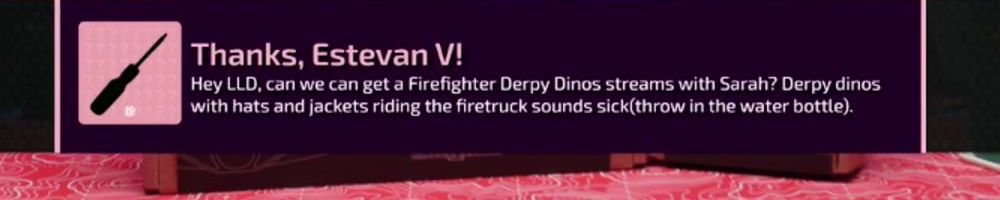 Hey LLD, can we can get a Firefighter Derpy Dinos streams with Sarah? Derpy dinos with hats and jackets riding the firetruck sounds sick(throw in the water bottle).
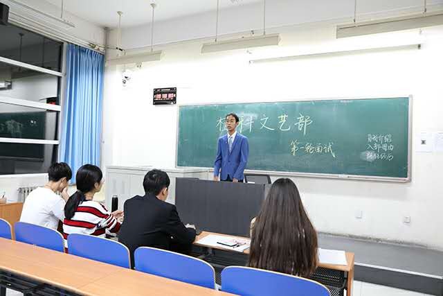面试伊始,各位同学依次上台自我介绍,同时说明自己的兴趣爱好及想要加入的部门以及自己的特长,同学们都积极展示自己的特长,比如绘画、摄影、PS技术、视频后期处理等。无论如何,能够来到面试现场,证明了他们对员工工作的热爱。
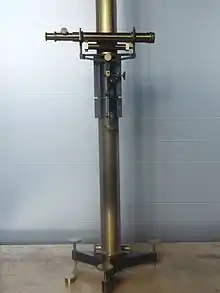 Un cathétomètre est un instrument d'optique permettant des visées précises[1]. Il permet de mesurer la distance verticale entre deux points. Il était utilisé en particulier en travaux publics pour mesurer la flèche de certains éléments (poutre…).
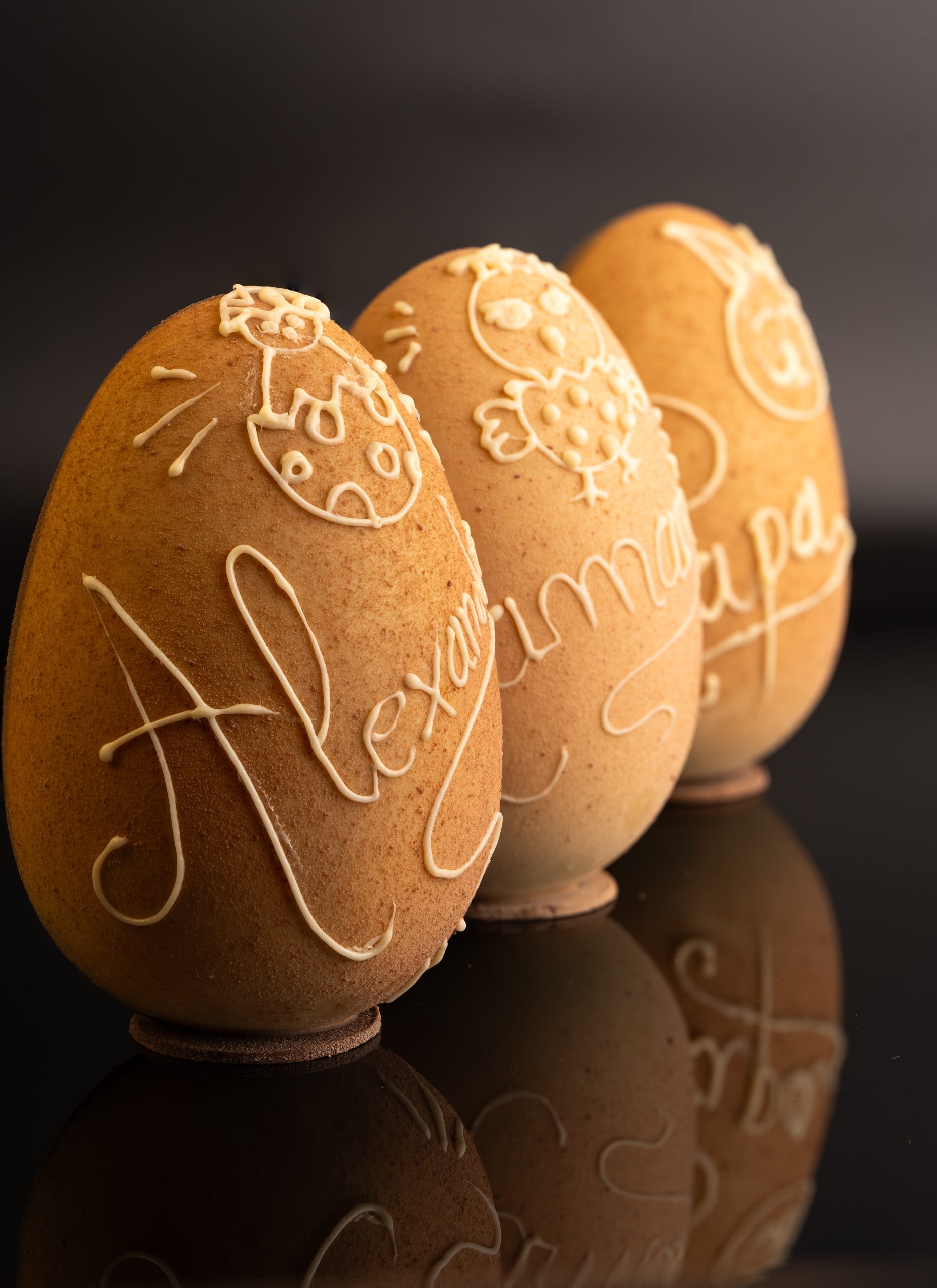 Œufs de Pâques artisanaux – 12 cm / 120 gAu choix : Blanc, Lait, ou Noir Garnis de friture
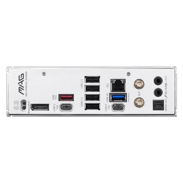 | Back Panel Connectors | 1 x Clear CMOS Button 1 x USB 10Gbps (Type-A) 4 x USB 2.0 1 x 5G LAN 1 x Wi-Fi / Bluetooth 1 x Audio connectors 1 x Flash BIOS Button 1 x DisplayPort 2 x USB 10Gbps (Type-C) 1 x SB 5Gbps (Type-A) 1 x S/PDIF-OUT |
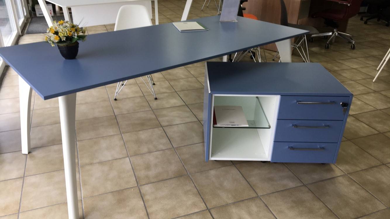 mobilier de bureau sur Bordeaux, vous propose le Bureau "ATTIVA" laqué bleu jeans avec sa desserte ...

Problem statement: What you hand back should match the listing exactly, except that no pictures appear.

Solved exercise:
 Hey LLD, can we can get a Firefighter Derpy Dinos streams with Sarah? Derpy dinos with hats and jackets riding the firetruck sounds sick(throw in the water bottle).
面试伊始,各位同学依次上台自我介绍,同时说明自己的兴趣爱好及想要加入的部门以及自己的特长,同学们都积极展示自己的特长,比如绘画、摄影、PS技术、视频后期处理等。无论如何,能够来到面试现场,证明了他们对员工工作的热爱。
 Un cathétomètre est un instrument d'optique permettant des visées précises[1]. Il permet de mesurer la distance verticale entre deux points. Il était utilisé en particulier en travaux publics pour mesurer la flèche de certains éléments (poutre…).
 Œufs de Pâques artisanaux – 12 cm / 120 gAu choix : Blanc, Lait, ou Noir Garnis de friture
 | Back Panel Connectors | 1 x Clear CMOS Button 1 x USB 10Gbps (Type-A) 4 x USB 2.0 1 x 5G LAN 1 x Wi-Fi / Bluetooth 1 x Audio connectors 1 x Flash BIOS Button 1 x DisplayPort 2 x USB 10Gbps (Type-C) 1 x SB 5Gbps (Type-A) 1 x S/PDIF-OUT |
 mobilier de bureau sur Bordeaux, vous propose le Bureau "ATTIVA" laqué bleu jeans avec sa desserte ...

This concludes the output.